Factors influencing the level of circulating procoagulant microparticles in acute pulmonary embolism

Cardiology Department, Saint-Antoine University and Medical School, Assistance Publique-Hôpitaux de Paris, université Pierre-et-Marie-Curie, 75571 Paris cedex 12, France.
Archives of cardiovascular diseases (Impact Factor: 1.84). 06/2010; 103(6-7):394-403. DOI: 10.1016/j.acvd.2010.06.005
Source: PubMed


Flow cytometry has shown levels of platelet-derived microparticles (PMPs) and endothelial-derived microparticles (EMPs) to be elevated in deep-vein thrombosis. Cardiovascular risk factors can also contribute to hypercoagulability due to circulating procoagulant microparticles (CPMPs).
To investigate in a case-control study the respective contribution of pulmonary embolism and cardiovascular risk factors to the level of hypercoagulability due to CPMPs.
CPMP, PMP and EMP levels were measured in 45 consecutive patients (age 67.9 +/- 11.6 years; 66.7% men) admitted to an intensive care unit for acute pulmonary embolism (APE), 45 healthy control subjects with no history of venous thromboembolism or vascular risk factors (Controls(noCVRFs)), and 45 patients with cardiovascular risk factors (Controls(CVRFs)). APE was diagnosed by spiral computed tomography or scintigraphy. CPMP levels were assessed using a prothrombinase assay on platelet-depleted plasma (results expressed as nmol/L equivalent).
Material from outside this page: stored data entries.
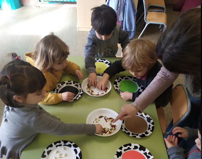 El passat 17 de febrer vam realitzar un taller a l’aula sobre les LLAVORS. La Montse ens va explicar una petita història amb unes titelles sobre la llavor. Vam estar sorpresos/es amb els diferents personatges que sortien de la seva bosseta. Més tard, ella ens havia preparat diferents racons amb material i ens va demanar d’organitzar-nos per grups i deixar un temps per poder observar, manipular i explorar allò que podiem trobar a cada racó: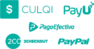 Estamos pre-integrados con las principales pasarelas de pago 1 en Perú, que te permiten aceptar pagos con tarjetas. O si prefieres, puedes solicitar pagos contra entrega, depósitos o transferencias.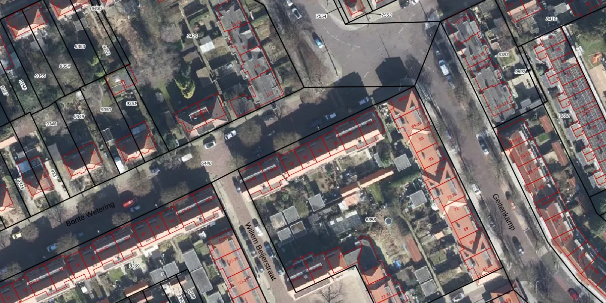 Het perceel waarop Bonte Wetering 60 staat heeft een oppervlakte van 3860 m². Dit is een zeer groot perceel. De perceeloppervlakte wordt geregistreerd door het Kadaster. Gedetailleerde informatie over de maten van dit perceel kunt u vinden in het rapport Kadastrale kaart met maatvoering van Bonte Wetering 60.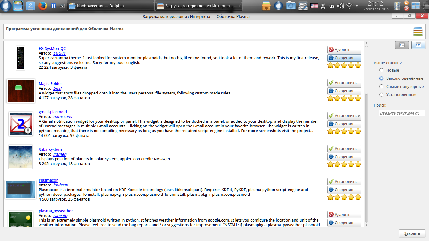 Та проблема в том что там нет ни описания ни картинки. Тоже придется методом научного тыка пробовать.keleg писал(а):Ставьте из репозиториев по поиску plasma-applet-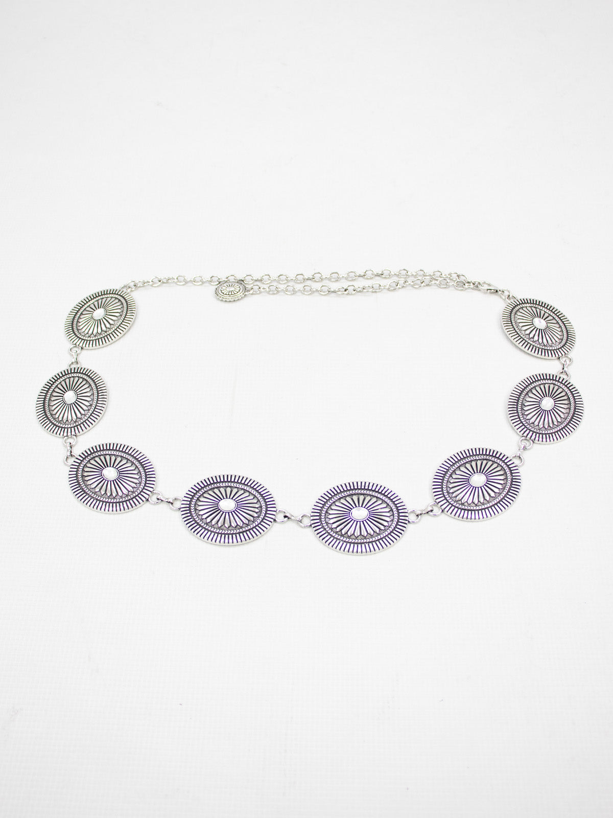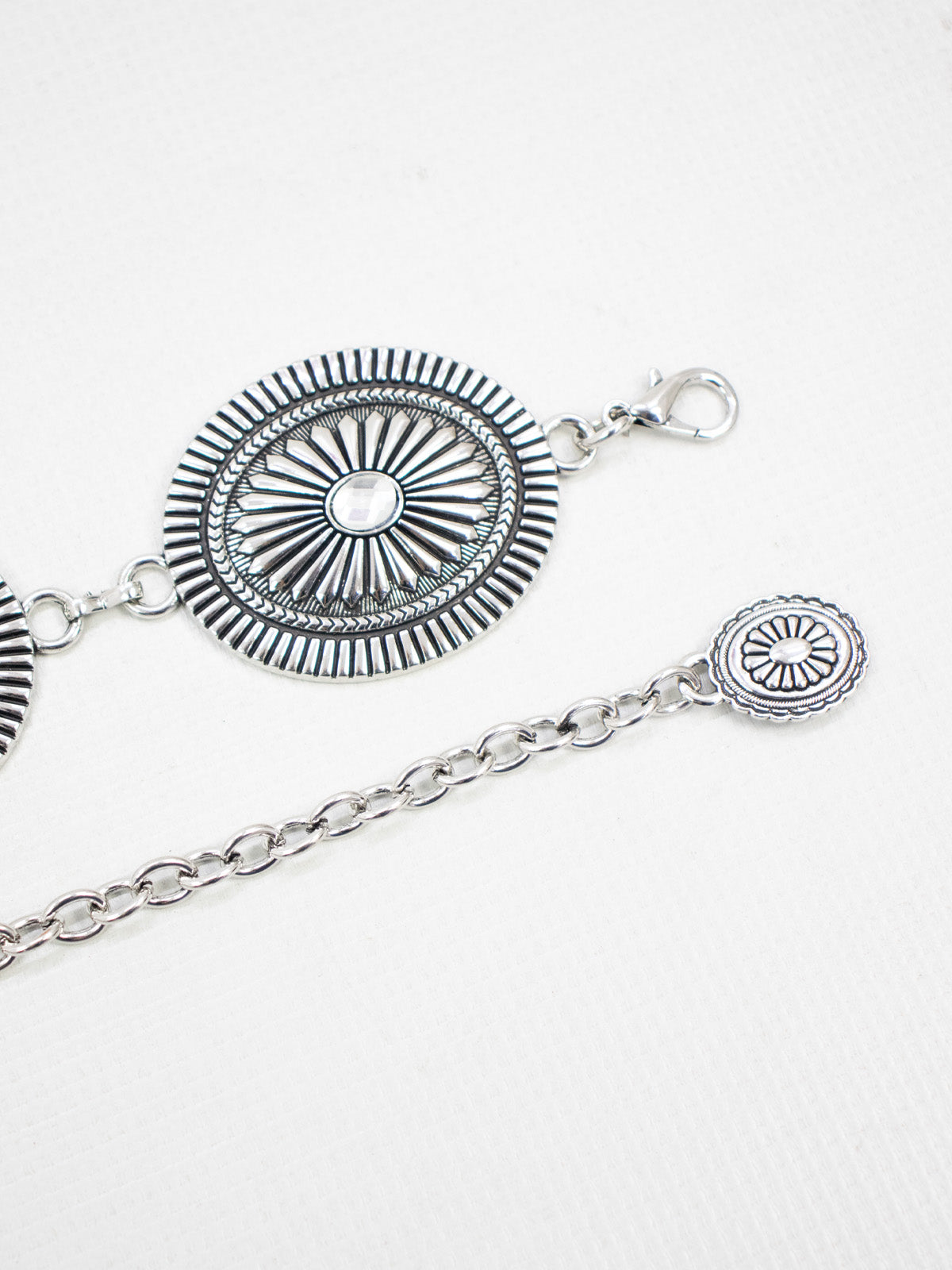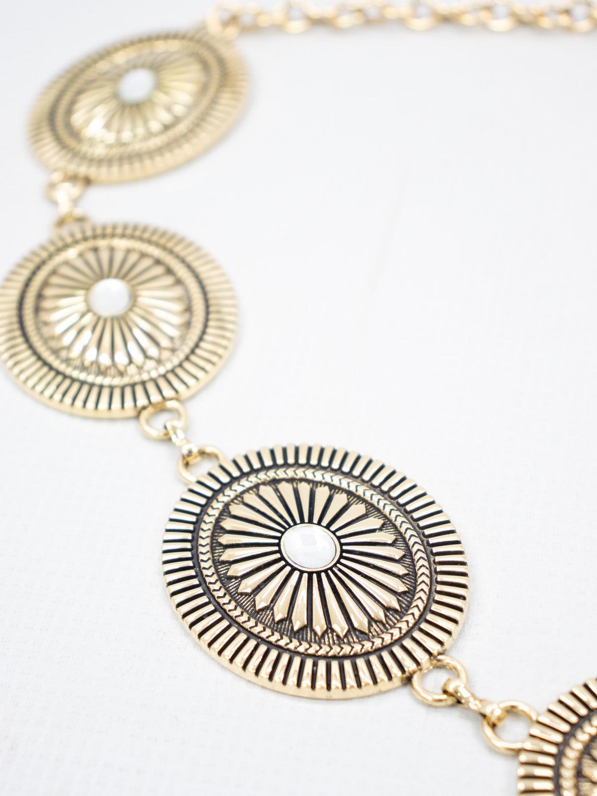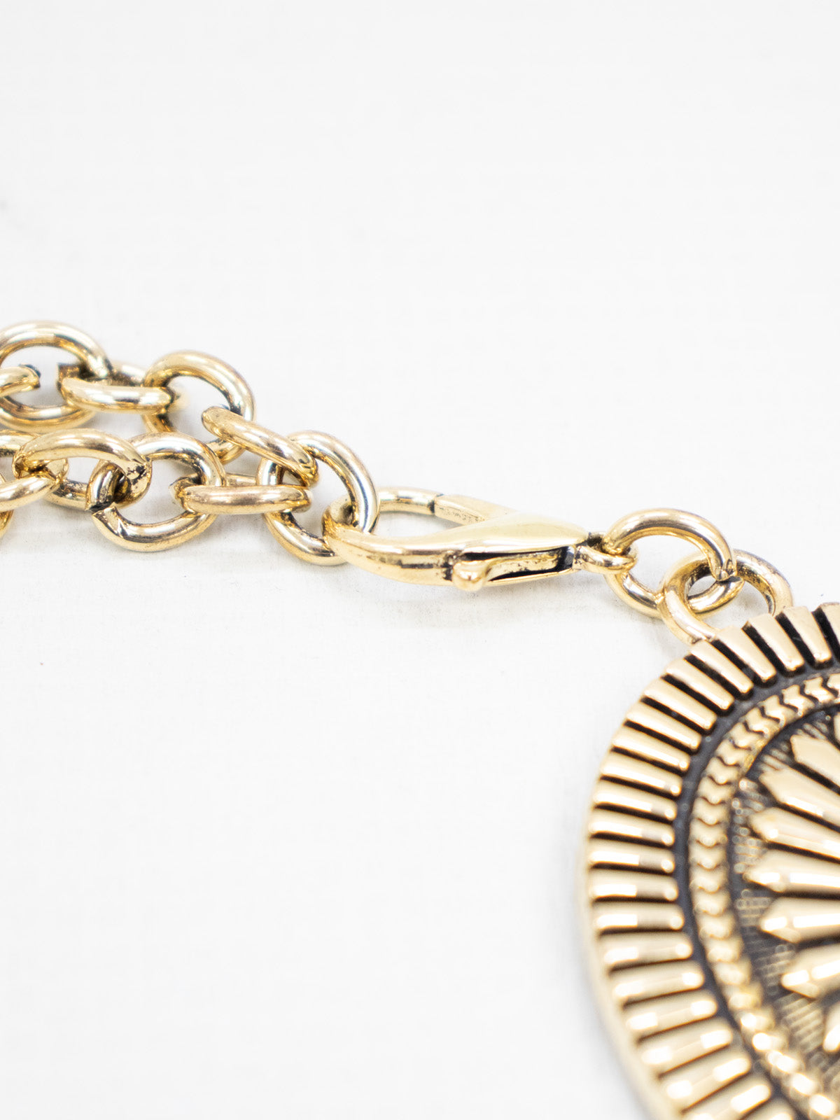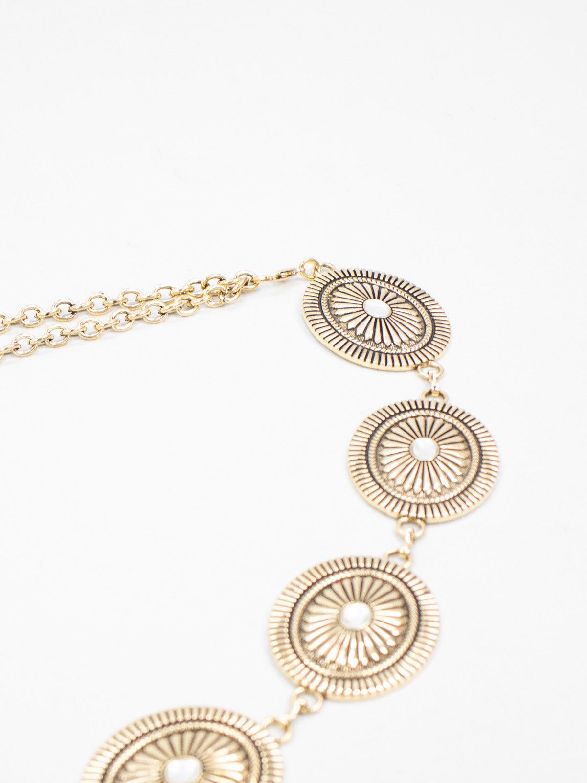 O Cinto de Corrente Moulins é a definição de elegância atemporal. Sua estrutura é delicada e imponente ao mesmo tempo, ao longo de sua extensão possui oito medalhas entrelaçadas, todas são trabalhadas, o fechamento é por gancho em uma das pontas, enquanto a outra extremidade é adornada com um pingente delicado que finaliza a peça com um toque de charme. Este cinto transforma o look, seja em um visual mais casual ou sofisticado.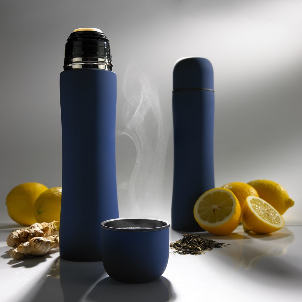 Nepropustná termoska s na dotyk měkkou povrchovou gumovou úpravou soft touch. Vyrobená z vysoce kvalitní nerezové oceli. Díky dvojité stěně dlouho udržuje teplo (6 hodin s uzavřeným uzávěrem). Vakuově izolovaná. Produkt má certifikát pro styk s potravinami a také certifikát BPA FREE. Produkt je zabalen do elegantní krabičky. Objem: 500 ml.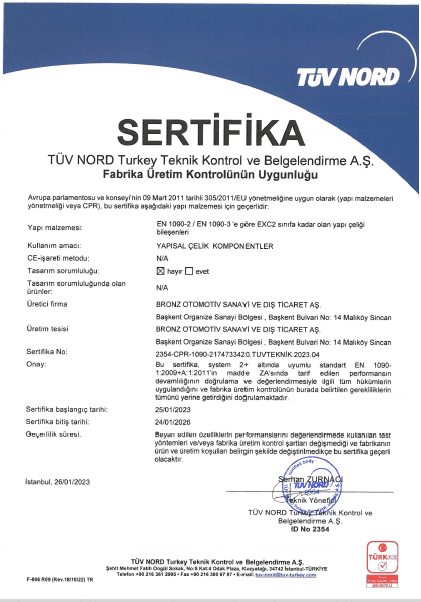 Bu sertifika, system 2+ altında uyumlu standart EN 1090- 1 :2009+A: 1 :2011 ‘in madde ZA’sında tarif edilen performansın devamlılığının doğrulama ve değerlendirmesiyle ilgili tüm hükümlerin uygulandığını ve fabrika üretim kontrolünün burada belirtilen gerekliliklerin tümünü yerine getirdiğini doğrulamaktadır.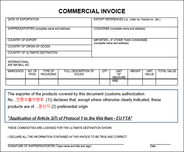 한-EU FTA 교차 누적 EU-베트남 원산지증명서 샘플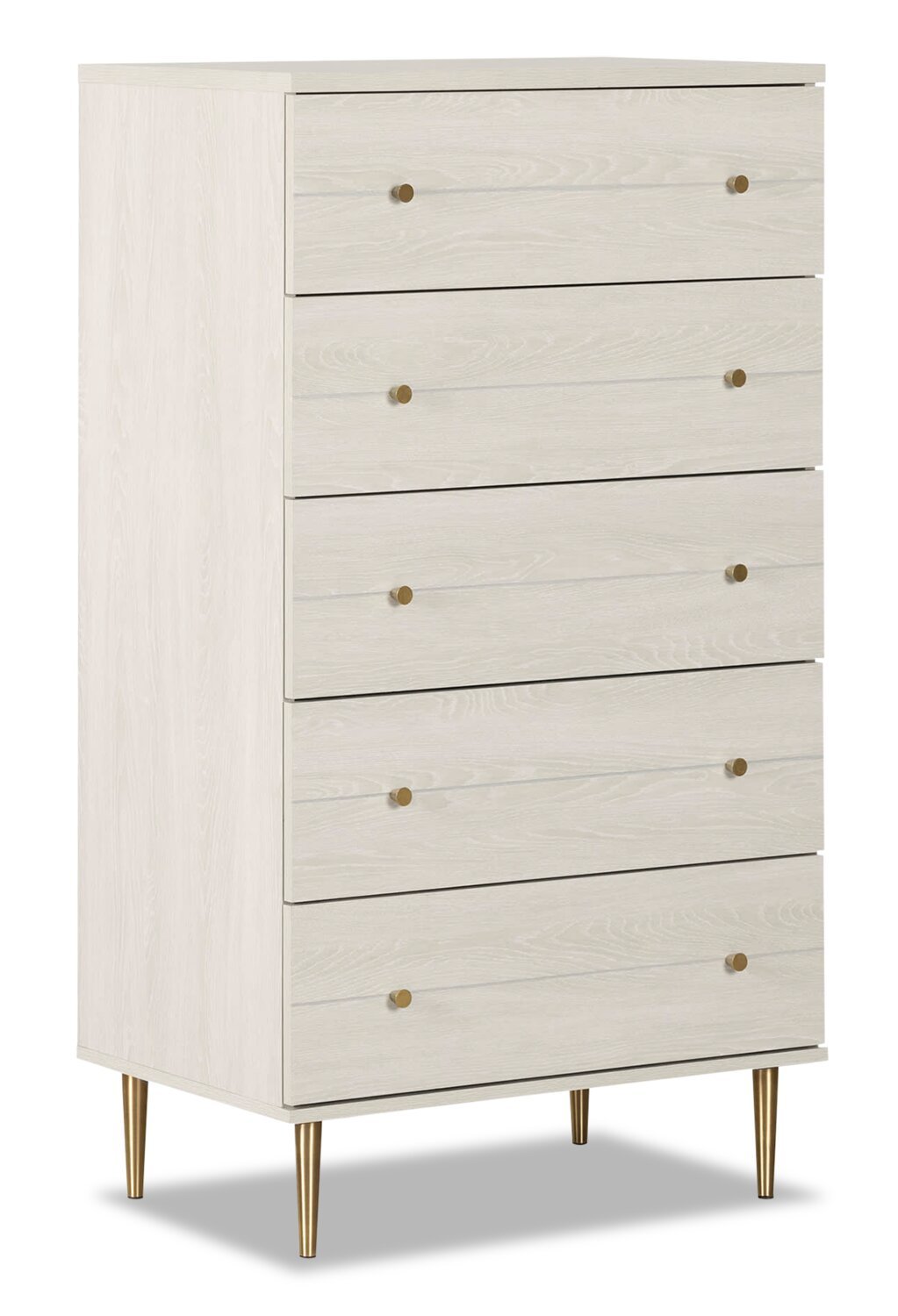 Commode de chambre à coucher Lake, 5 tiroirs, 29 L x 52 H, Fabriqué au Canada, Glam - Blanc | Commode verticale somptueuse Lake de 29 po (L) x 52 po (H) à 5 tiroirs pour la chambre à coucher, fabriquée au Canada - blanche
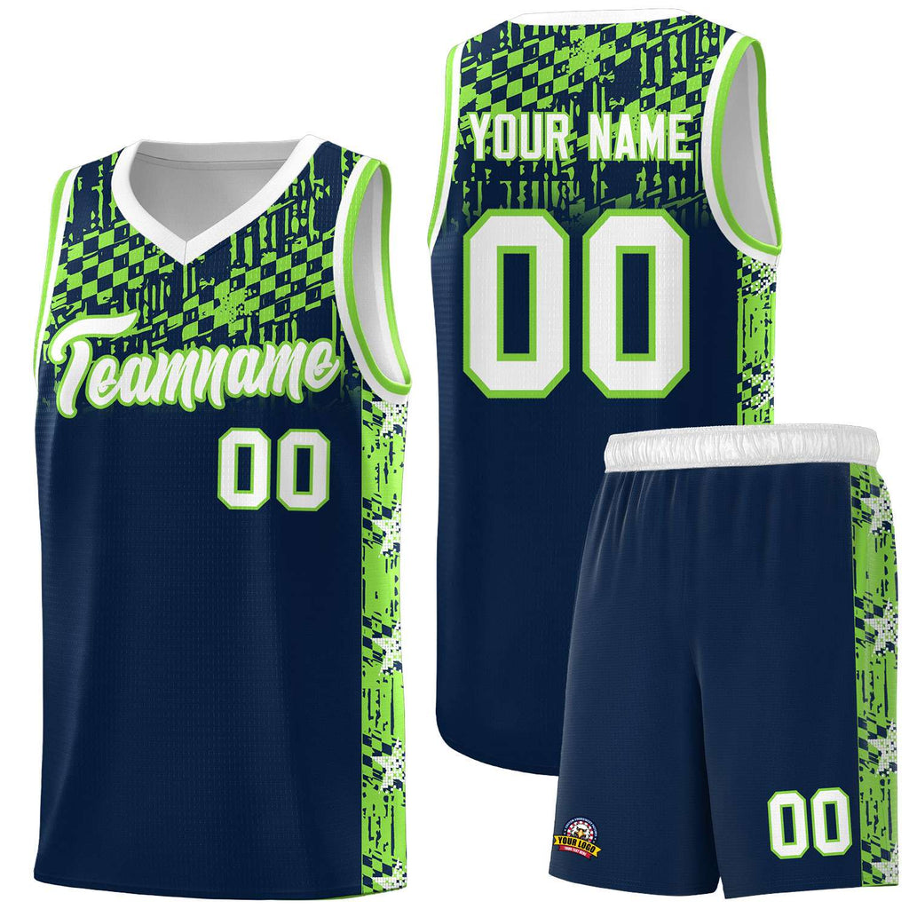 Custom Navy Mosaic Stars Pattern Sports Uniform Basketball Jersey

CPMP levels were higher in APE patients than in Controls(noCVRFs) (medians 4.7 vs 3.2 nmol/L, interquartile ranges [IQRs] 2.9-11.1 vs 2.3-4.6 nmol/L; p=0.02). Similar results were reported for PMPs (medians 2.2 vs 1.9 nmol/L, IQRs 1.7-5.8 vs 1.4-2.4 nmol/L; p=0.02), whereas EMP levels were not significantly different. However, CPMP procoagulant activity was not significantly different in APE patients and Controls(CVRFs).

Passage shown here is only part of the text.